Markus Lanz has returned from a research trip through Ukraine. The ZDF talker experienced detonations and gained impressions “like in an apocalyptic film”. He tried to make podcast partner Richard David Precht understand why people there don’t dream of a ceasefire.
Viewers of the ZDF talk “Markus Lanz” were able to see for themselves this week: Markus Lanz has returned safely from Ukraine. In the days before, the presenter had traveled through the war-torn country for a TV report. He had already spoken about his impressions a week ago from a hotel in Kiev with podcast partner Richard David Precht.
In the new “Lanz und Precht” issue, the 54-year-old revealed how dangerous the trip was for him and his camera team. They wanted to visit the embattled port city of Kherson at a time when it was “heavily under fire”. He experienced detonations up close.
If you stay in the same place for too long in a large group, there is a great risk of being spotted by a drone and taken under fire, explained Lanz. Fortunately, the film team on site had been warned accordingly. Lanz remembers: “As we were driving out of the city, it suddenly hit the left, a column of smoke rose up, suddenly it hit the right too, black smoke rose up.” Then he realized: “Oh, right, left impact, right Impact and we are right in between…”
Markus Lanz: “There is no safe place in Ukraine”
At that moment he also realized what a young man in western Ukraine wanted to convey to him at the beginning of his journey: “There is no safe place in Ukraine.

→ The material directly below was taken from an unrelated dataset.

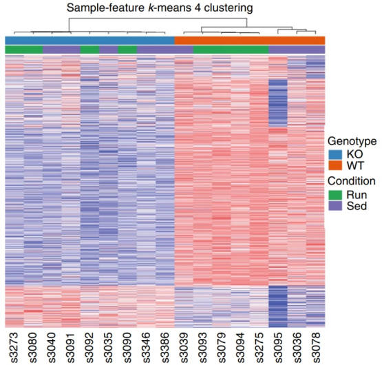 接下来,他们对小鼠海马区成年新生神经细胞进行转录组分析。主成分分析和层次聚类分析显示,无论运动干预与否,F5KO小鼠新生神经元的转录水平都出现高度异常。F5KO新生神经元与对照新生神经细胞的差异表达基因高达459个。

Don’t feel really safe anywhere!” This is exactly the feeling that Russia wants to achieve with its bomb and rocket terror against the civilian population.
As the conversation continued, Lanz informed the philosopher Richard David Precht that he had complied with his request from the previous podcast episode. “You told me: Ask a farmer in southeast Ukraine what he thinks about this war!” Precht, who had repeatedly questioned arms deliveries and a “military solution” to the war in the German debate, confirmed: “I just thought that you talk to the people on whose grounds the war is being fought.”
However, what Lanz had to report did not confirm the obvious assumption that those directly affected were longing for a ceasefire as quickly as possible. In a village between Kherson and Mykolaiv, Lanz met a farmer named Vitali, in the middle of a landscape that seemed almost idyllic from a distance, but on closer inspection everything was completely destroyed “like in an apocalyptic film.”
“They know how brutally the Russians torture, in every cellar.”
“A friend named Richard asked me to ask you how you see this war,” he said to Vitali, Lanz reported. His answer: “How should I see this war? People come and just shoot up my house.” His house and his agricultural machinery were destroyed, his cows were all dead. An attempt to escape with his wife and children failed because of the fire from the occupiers. He could no longer cultivate the fields because there were mines everywhere.
Lanz: “He exchanged his life as a wealthy farmer for that of a destitute recipient of alms.” And yet he is trying to rebuild his business without knowing whether it will not be destroyed again with a single tank shot.
When Precht reacted to the description with astonishment and even incomprehension, Lanz insisted: “That’s exactly the point.” He asked the farmer: “Aren’t you tired of this, shouldn’t you make an offer to the Russians?” Take Crimea and a few parts of Donbass!” But the answer was: “No. If we do that, they’ll come back.’”
Lanz emphasized that he spoke to “many, many people” during his trip, and it was precisely this attitude that was “always crystal clear” with everyone. “They all have the reports in the back of their minds and some of them know it from their own experience. They know how brutally the Russians torture, in every cellar. They know what violence they are prepared to do and they don’t want to live like that.”
Richard David Precht formulates a “big thought task” for peace
According to Precht, “the big intellectual task” now is to organize a “provisional peace” that does not remain “a provisional solution”. Every effort must be made to think about what something like this could look like, “if the idea that Ukraine will get all of its territories back is unrealistic.”
Lanz only answered the objection indirectly with impressions from the occupied territories: “Everything that is in any way Ukrainian is being erased, half the population is being systematically exchanged, children are being kidnapped to Russia.” Interestingly, he even met Russians there, who did not want to be “liberated” by Russians. “They say: We don’t want to have anything to do with this Russia.”
Markus Lanz’s conclusion after his experiences in the war zone: “For me, the most incomprehensible thing is how much people are able to straighten themselves out, to fight, to carry on for their convictions, and to believe so firmly that things will get better at some point . That’s what keeps them alive.”